Taugt das HbA1c als Screening-Parameter für Diabetes mellitus?
Seit einiger Zeit untersuche ich routinemäßig das HbA1c z.B. zur Gesundheitsuntersuchung. Dabei ist erschreckend wie häufig HbA1 c (gering) erhöht ist. Der daraufhin veranlasste orale Glucosetoleranztest ist nicht immer, aber meistens besonders in der 1. Stunde auffällig.
Bei welchen Grenzwerten ist die DIagnose "Diabetes mellitus " gerechtfertigt? Ab wann gilt der Begriff "orale Glucosetoleranzstörung"? Welche Kontrollintervalle werden empfohlen?

Diskussion

4 Ärzte beteiligen sich an dieser Diskussion, 40 Ärzte verfolgen diese Diskussion
Dr. ...Dr. ...(1)
FA für Innere Medizin, Pathologie

Als Screeningparameter ist das HbA1 wenig sinnvoll, da es im Frühstadium oft normal ist. Besser und billiger ist ein postpradialer Blutzucker (d.h. den Check-up nicht mehr nüchtern machen). Wenn der normal (unter 110) ist und die Familienanamnese und Gewicht ok, ist ein Diabetes praktisch ausgeschlossen. Die Internationalen Definitionen (z:B. Nüchternblutzucker unter 110 helfen wenig, da sie für Studien gedacht sind. Zahlreiche Diabetiker haben NBZ unter 110. Der OGT ist gut aber unterliegt großen intraindividuellen Schwankungen. Normalerweise leigt dr 2h Wert unter 140, bis 200 spricht man von gestörter Glucosetoleranz, klinisch liegt aber dann schon lange ein metabolisches Syndrom vor, welches wie ein Diabetes bethandelt werden sollte (Ernährung, Bewegung, Metformin)

Dr. ...Dr. ...
Allgemeinmedizin

HbA1c als Screening ist nicht sinnvoll und auch zu teuer, da dieser Wert z.B. auch fälscherweise normal sein kann, wenn das Hb zu niedrig ist, was ja gerade bei Frauen relativ häufig vorkommt.
Ein BZ von über 160 beim OGT nach einer Stunde sehe ich als pathologisch an, ich lasse dann eine Ernährungsberatung durchführen und bestelle den Patienten regelmässig (alle 3 -6 Monate) zur Laborkontrolle ein, dabei überprüfe ich natürlich auch den HbA1c.

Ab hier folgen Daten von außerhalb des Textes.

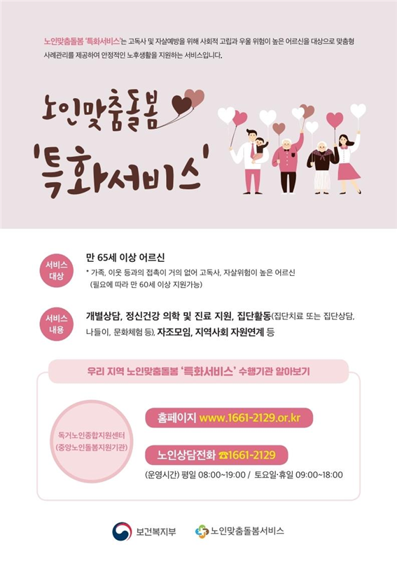 특히 노인맞춤돌봄서비스 대상 중 사회관계가 취약하거나 우울감이 높은 어르신은 특화서비스에 따라 자살예방, 우울증 경감을 위해 개인별 상담 및 사례관리를 통한 정서지원 프로그램을 제공한다.

Ich erkläre dem Patienten, dass eine Lebensstiländerung mit mehr Bewegung und weniger falsche Lebensmittel, einen Diabetes noch aufhalten kann.

Dr. ...Dr. ...
Innere Medizin (ohne Schwerpunkt)

Ihre Beobachtung, dass der HbA1c oft gering erhöht ist, verdeutlicht das (grundsätzlich bestehtende) Problem bei Screeninguntersuchungen. Wenn ein Parameter oft falsch positive Werte liefert, zieht das immer eine Reihe von z.T. nicht notwendigen Untersuchungen oder Interventionen nach sich. Dies ist ein Problem wegen a) Patient wird unnötig weiter untersucht, verunsichert etc. b) anfallenden Kosten.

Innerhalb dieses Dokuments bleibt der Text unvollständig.